▶ **Aim of the task**: Could you repeat the entries below exactly, but only from the line with "傅尤刚副书记就鹿金龙老师讲解" through the line with "Tasken indeholder en", and without any picture?

(Stored items)
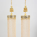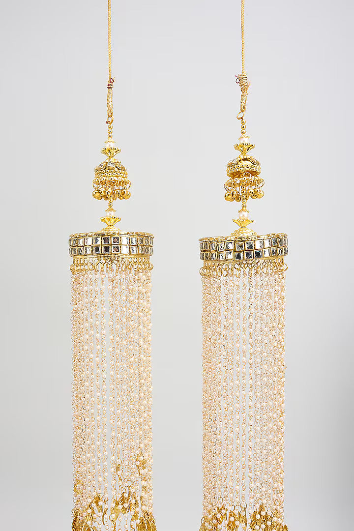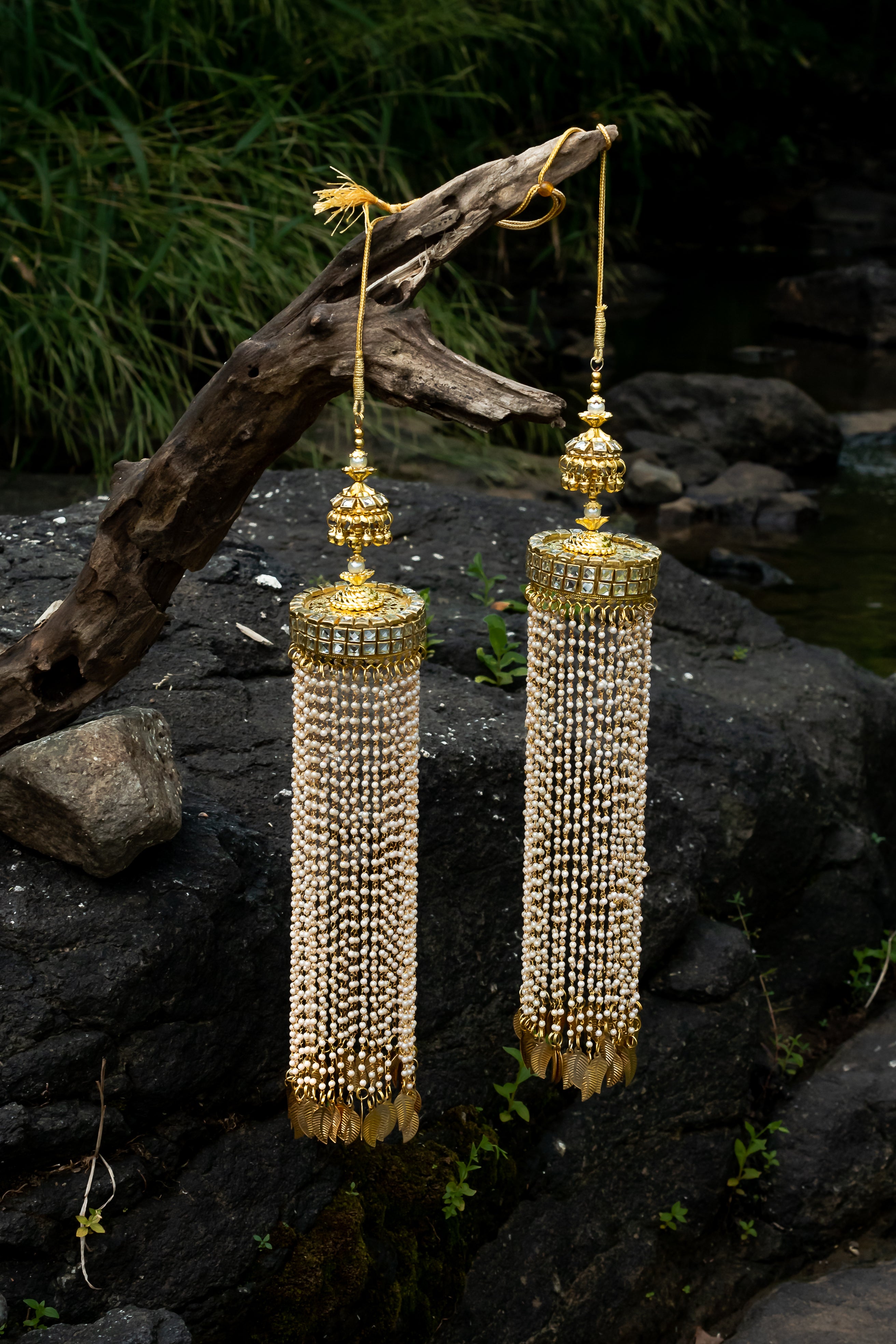 Elegant bridal kaleeras with cascading pearl strands and intricate golden designs. These long, cylindrical kaleeras add a regal touch to wedding attire, symbolizing blessings and prosperity. Perfect for traditional brides.
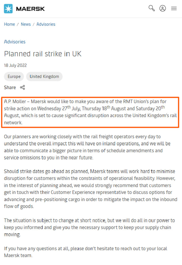 原文:https://www.maersk.com/news/articles/2022/07/18/planned-rail-strike-in-uk
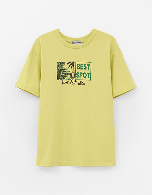 Фисташковая футболка из мягкого хлопка создаёт лёгкий образ. Прямой крой комфортен в движении. Аккуратный принт, выполненный цифровым способом и термотрансферной плёнкой, добавляет выразительный акцент и поддерживает настроение коллекции.
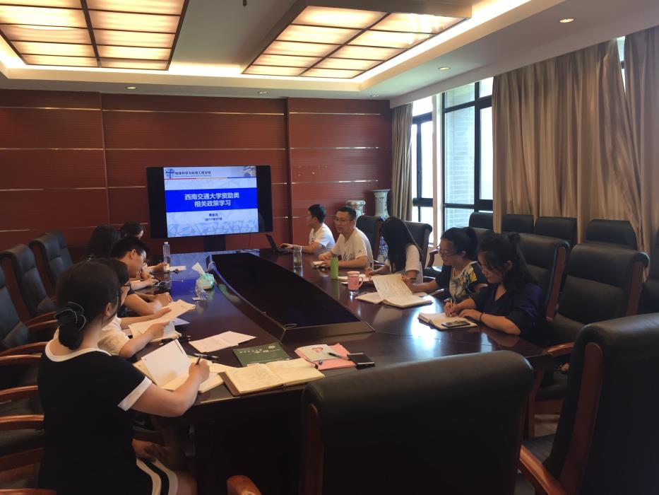 傅尤刚副书记就鹿金龙老师讲解的《西南交通大学家庭经济困难学生学费缓缴实施办法(试行)》提到:“困难学生学费缓缴政策是切切实实解决困难学生的上学问题,是学生工作顺利开展的保障,是关系到学生管理安全稳定的重要政策,也切实关系到困难学生切实利益,希望大家认真学习”。
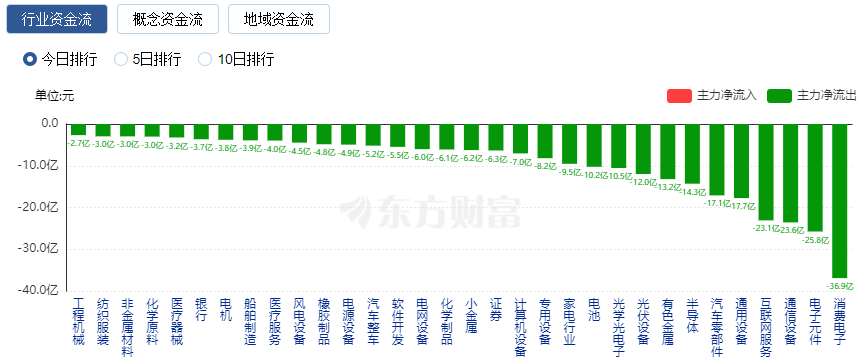 净流出方面,消费电子、电子元件等排名靠前,其中消费电子净流出36.9亿元。
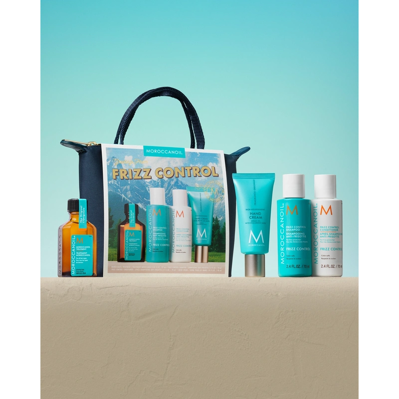 Tasken indeholder en Frizz Control Shampoo og en Frizz Control Conditioner, som reducerer frizz og forbedrer hårets håndterbarhed, samt en Moroccanoil Treatment Regular, der giver håret masser af pleje og glans og efterlader det silkeblødt. Derudover indeholder tasken også en Moroccanoil Hand Cream “Fragrance Originale”, som intensivt plejer både hænder, neglebånd og negle.
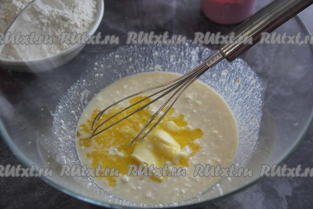 Растопить сливочное масло до жидкого состояния (можно это сделать в микроволновку). Дать маслу остыть до 40 градусов. Влить растопленное масло в миску, вмешать его венчиком.
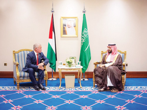 كما التقى صاحب السمو الملكي الأمير محمد بن سلمان بن عبدالعزيز آل سعود ولي العهد رئيس مجلس الوزراء، في العاصمة القطرية الدوحة على هامش أعمال القمة العربية الإسلامية الطارئة، جلالة الملك عبدالله الثاني ابن الحسين ملك المملكة الأردنية الهاشمية.
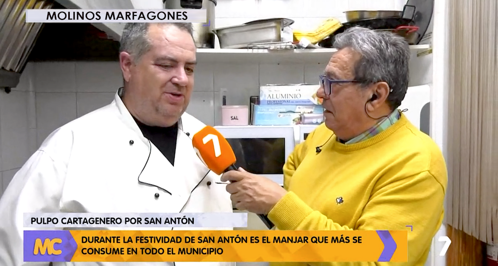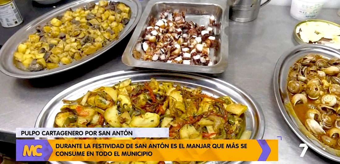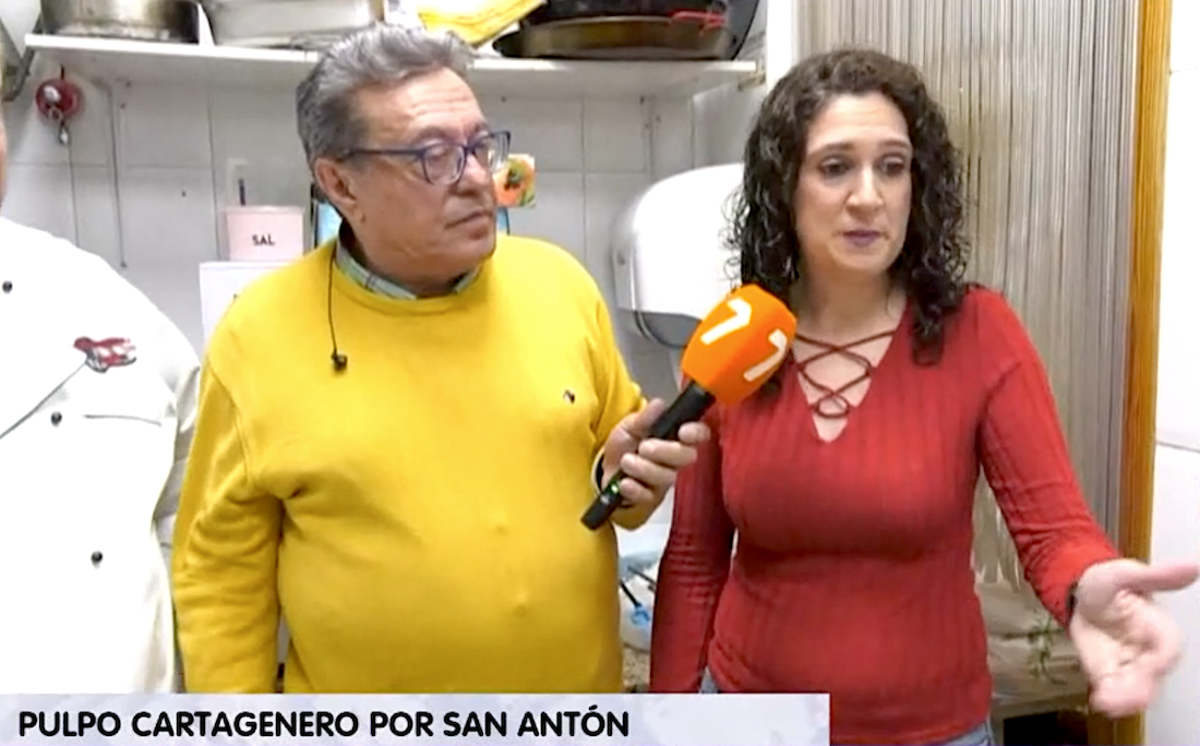 La tapería de la avenida principal del pueblo cartagenero fue objeto de una conexión en directo de casi diez minutos del programa 'Murcia Conecta' de la televisión autonómica 7tv RM, que dio a conocer sus manjares y especialmente el pulpo elaborado al estilo sanantonero o a la cartagenera, del que elaboró 20 kilos el pasado fin de semana en unas jornadas que continuarán del próximo sábado hasta el martes.

▶ **Written answer**:
 傅尤刚副书记就鹿金龙老师讲解的《西南交通大学家庭经济困难学生学费缓缴实施办法(试行)》提到:“困难学生学费缓缴政策是切切实实解决困难学生的上学问题,是学生工作顺利开展的保障,是关系到学生管理安全稳定的重要政策,也切实关系到困难学生切实利益,希望大家认真学习”。
 净流出方面,消费电子、电子元件等排名靠前,其中消费电子净流出36.9亿元。
 Tasken indeholder en Frizz Control Shampoo og en Frizz Control Conditioner, som reducerer frizz og forbedrer hårets håndterbarhed, samt en Moroccanoil Treatment Regular, der giver håret masser af pleje og glans og efterlader det silkeblødt. Derudover indeholder tasken også en Moroccanoil Hand Cream “Fragrance Originale”, som intensivt plejer både hænder, neglebånd og negle.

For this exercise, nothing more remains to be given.